This Week’s Rig Count

the US rig count decreased for the 19th time in the past 23 weeks during the week ending January 24th, and is now down by more than 26.7% from the last rig count of 2018…Baker Hughes reported that the total count of rotary rigs running in the US decreased by 2 rigs to 794 rigs this past week, which was also down by 265 rigs from the 1059 rigs that were in use as of the January 25th report of 2019, and 1,135 fewer rigs than the shale era high of 1,929 drilling rigs that were deployed on November 21st of 2014, the week before OPEC began to flood the global oil market in an attempt to put US shale out of business

however, the number of rigs drilling for oil increased by 3 rigs to 676 oil rigs this week, which was still 186 fewer oil rigs than were running a year ago, and much less than the recent high of 1609 rigs that were drilling for oil on October 10th, 2014….at the same time, the number of drilling rigs targeting natural gas bearing formations fell by five to 115 natural gas rigs, the fewest natural gas rigs deployed since November 11th 2016, and hence a 38 month low for natural gas drilling, down by 82 gas rigs from the 197 natural gas rigs that were drilling a year ago, and way down from the modern era high of 1,606 rigs targeting natural gas that were deployed on September 7th, 2008…in addition to the rigs drilling for oil & gas, three rigs classified as ‘miscellaneous’ continued to drill this week; one on the big island of Hawaii, one in Washoe County, Nevada, and one in Lake County, California, compared to a year ago, when there were no such “miscellaneous” rigs deployed..

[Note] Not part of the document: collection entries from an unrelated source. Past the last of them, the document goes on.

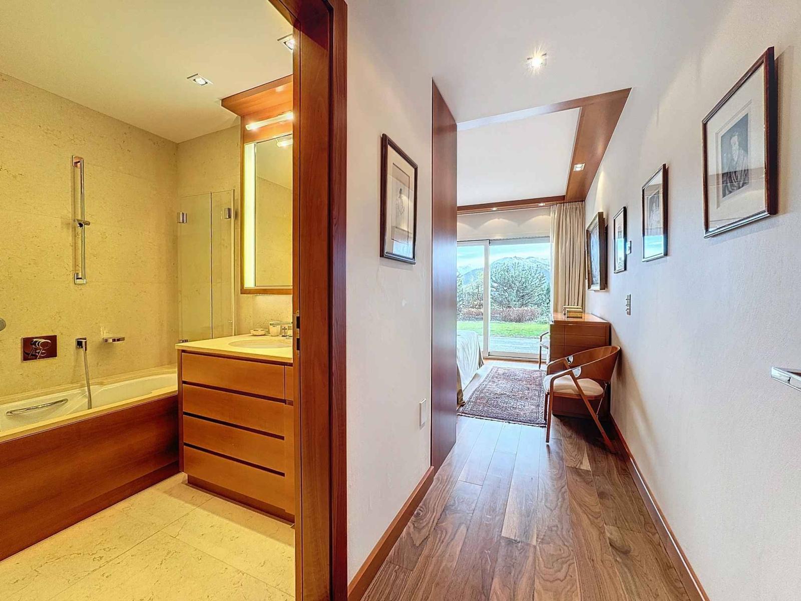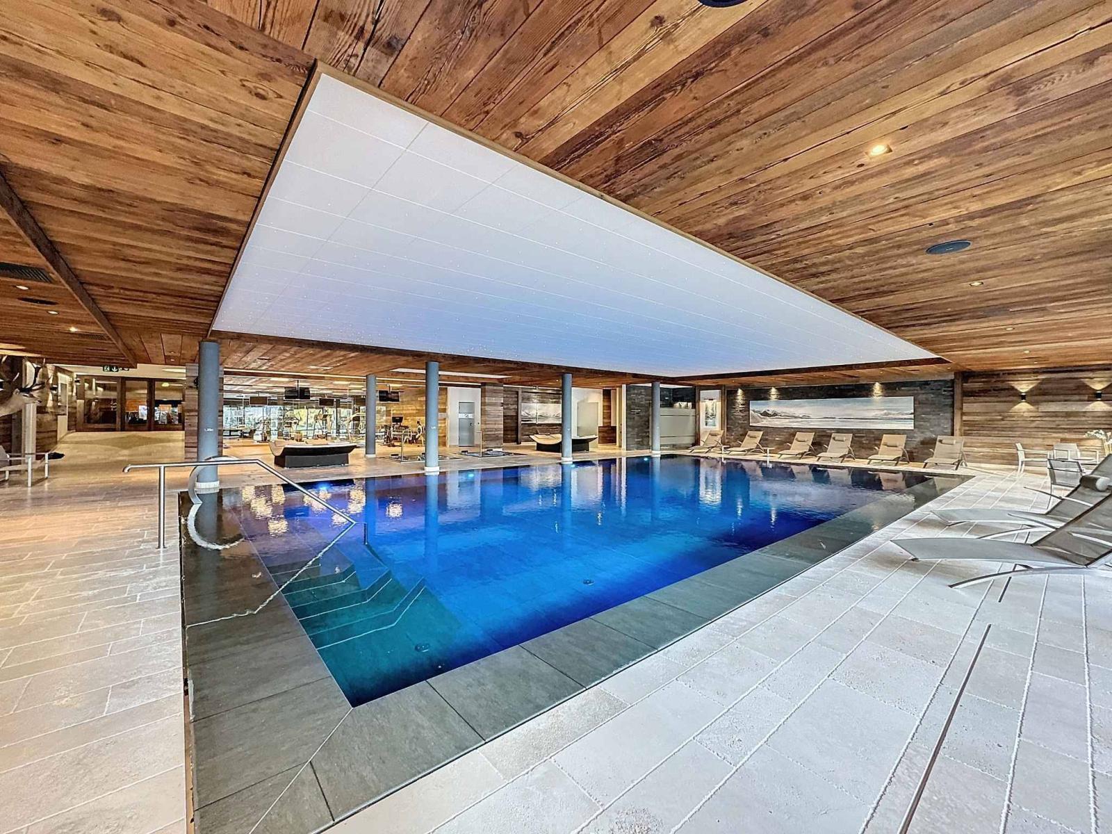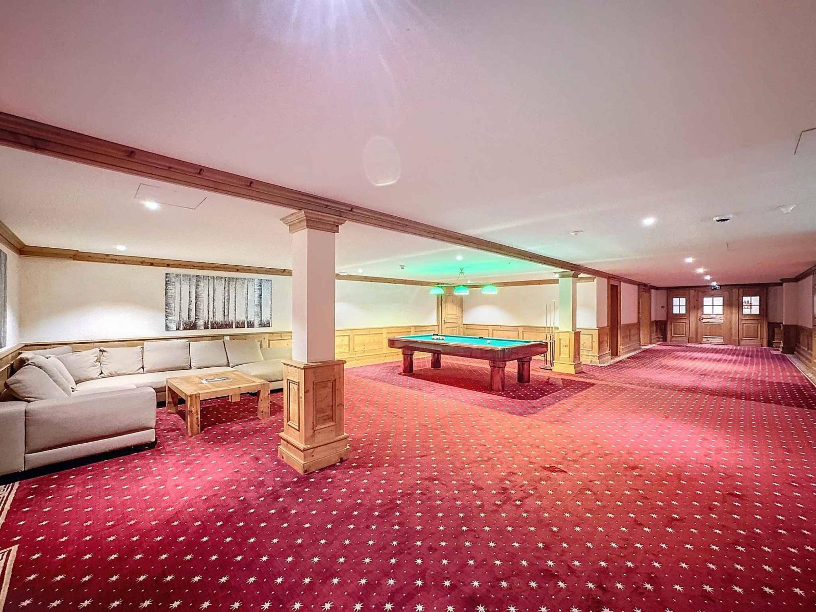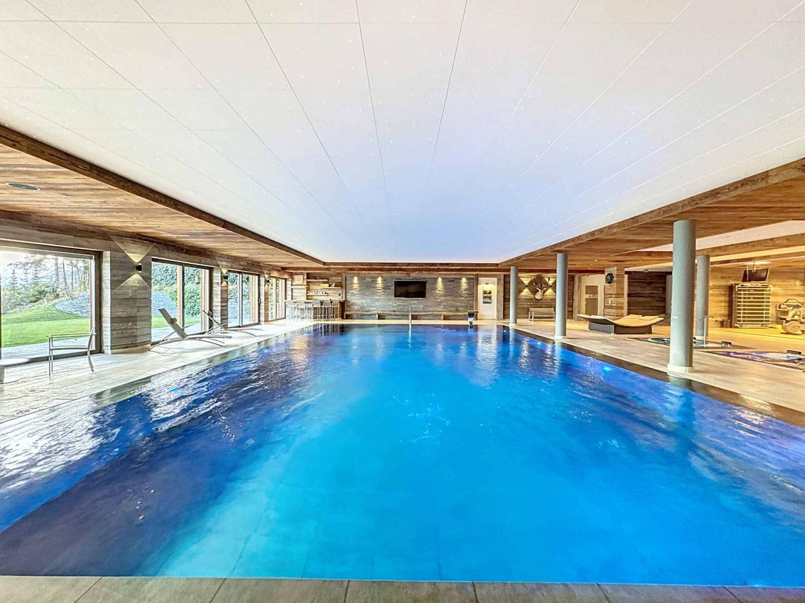 Die Residenz verfügt über einen herrlichen Innenpool mit Bar, Kamin, Entspannungsbereich, aber auch einen Fitnessraum, eine Sauna und ein Hamam, einen Massageraum sowie einen Billardbereich, einen Kinoraum, ein ausgestattetes Spielzimmer und ein prächtiges Carnotzet.
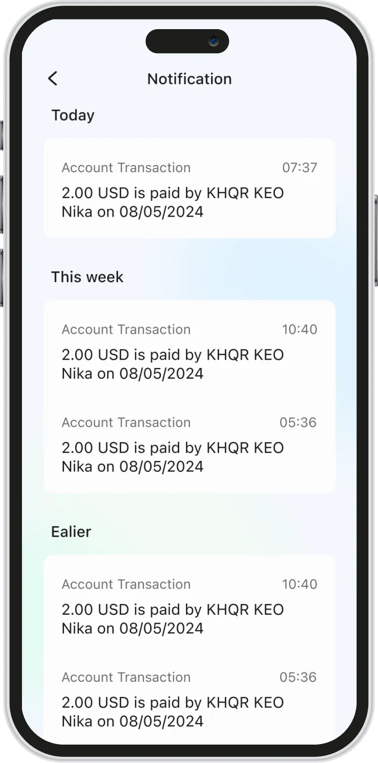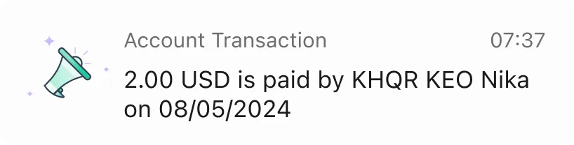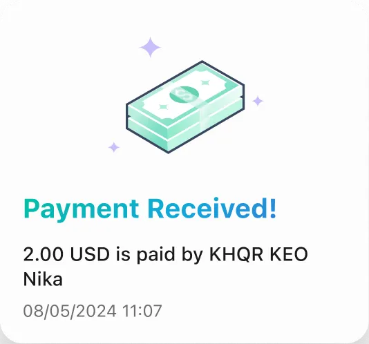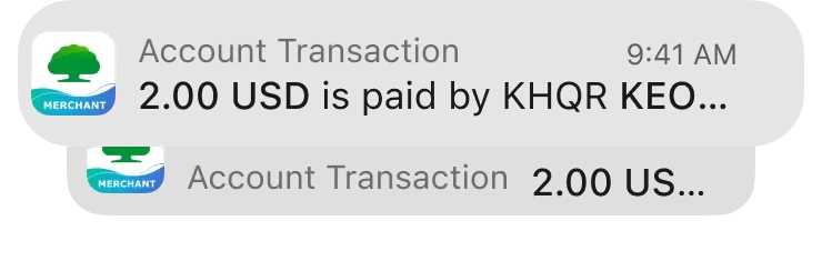 Every payment triggers two things at once — an in-app transaction record and a system push notification. Whether the owner is in the app or not, they never miss a payment.
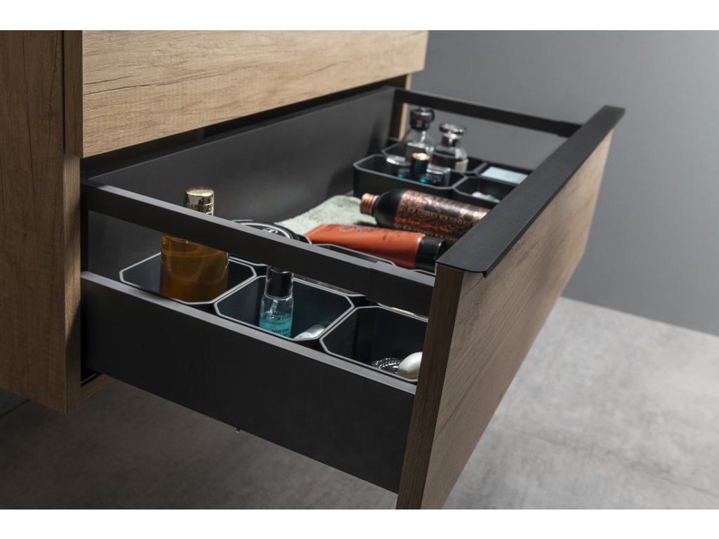 Nábytek je vybaven pojezdy zásuvek s pomalým dojezdem a systémem automatického dovření zásuvek. Již žádné hlučné dovírání.

offshore drilling activity in the Gulf of Mexico increased by one rig to 21 rigs this week, as a new rig began drilling offshore from Louisiana…the 20 rigs now drilling in Louisiana waters plus the one that was drilling offshore from Texas was one more than the Gulf of Mexico rig count of 20 rigs during the same week of a year ago, when 20 rigs were drilling offshore from Louisiana and none were operating in Texas waters…since there are no rigs deployed off other US shores elsewhere at this time, nor were there a year ago, the current Gulf of Mexico rig count as well as that of last year is the same as the national total in both cases..

the count of active horizontal drilling rigs was up by 1 rig to 710  horizontal rigs this week, the highest horizontal rig count since November 8th, but still 222 fewer horizontal rigs than the 932 horizontal rigs that were in use in the US on January 25th of last year, and also well down from the record of 1372 horizontal rigs that were deployed on November 21st of 2014….at the same time, the directional rig count was up by 3 rigs to 47 directional rigs this week, but those were still down by 12 from the 59 directional rigs that were operating during the same week of last year….on the other hand, the vertical rig count was down by 6 rigs to 38 vertical rigs this week, and those were down by 31 from the 68 vertical rigs that were in use on January 25th of 2019…

the details on this week’s changes in drilling activity by state and by major shale basin are shown in our screenshot below of that part of the rig count summary pdf from Baker Hughes that gives us those changes…the first table below shows weekly and year over year rig count changes for the major oil & gas producing states, and the table below that shows the weekly and year over year rig count changes for the major US geological oil and gas basins…in both tables, the first column shows the active rig count as of January 24th, the second column shows the change in the number of working rigs between last week’s count (January 17th) and this week’s (January 24th) count, the third column shows last week’s January 17th active rig count, the 4th column shows the change between the number of rigs running on Friday and the number running before the same weekend of a year ago, and the 5th column shows the number of rigs that were drilling at the end of that reporting week a year ago, which in this week’s case was the 25th of January, 2019…   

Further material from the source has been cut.